その行動は監視カメラによって記録されていた。各カメラの記録を継ぎ合わせて行動が明らかになった。工具の持ち出し、階段を上る姿、手こずりながら鎖を切っている様子。扉を開けた時に警報が作動したが、先生と事務員が駆けつけたときには間にあわなかった。
「学校、休みだし、遊びに行かないの?」
椅子を回すと、ベッドに座っていた。
「あんなことあったのに出かけてなんかいられるか」
自主学習のプリントはもうほとんど埋まっている。昼前だった。することはしたので遊んでもいいが、そうする気にはなれなかった。
「案外まじめなんだな。突き飛ばされたのに」
にらみつける。
「おまえ、まさか」
「ありえない。学校じゃずっとそばにいただろ。ちょっとの間も離れてない」
たしかにその通りだった。そもそもあの休み時間は話をしていた。
「でも、お手玉してたんだろ」
そういうと下を向いた。
「それは分かんない。夢に見たものになにか起きるのはたしかにそう。けど、ほんとにちがうって!」
「おまえだっていってない」
「じゃ、だれ?」
「うしろ姿だけの奴。あんなことを無理やりさせたんじゃないか。脅すか、だますかして」
「あいつは夢だし」
「おまえだってただの想像だし。イマジナリーってそういう意味だよ」
姿勢をくずし、寝っ転がってしまった。目を合わせているのが怖いからそうしたという気がした。
「想像が見た夢に現れた奴がなにかしたってことは結局はおまえじゃないか」
またいった。ふてくされたような口調だが、もっともだった。続けて話す。
「だいたい、考えすぎなんだよ。もうやめよう。じっとして放っておけばいい。大人にまかせておけばいいだろ」
首を振った。もうそうはいかない。
「ちゃんと始末する。

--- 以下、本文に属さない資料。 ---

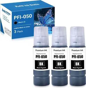 Compatible PFI050 Ink Bottle Replacement for PFI-050 PFI-050BK Pigment Ink Cartridge for ImagePrograf TC-20 TC-20M Printer(3 Black)

フレンドって友達っていうことだけど」
「じゃあもう終わり?」
寝たままこっちを向いた。
その目から涙がこぼれ、ぬぐおうともせずに閉じた。
そばに寄って首を絞める。手に感触がなくなるまで続けた。
もうベッドの上には何もなかった。
母さんの声がする。昼ができたと呼んでいる。
なにごともなかったんだ。そういう態度で部屋を出た。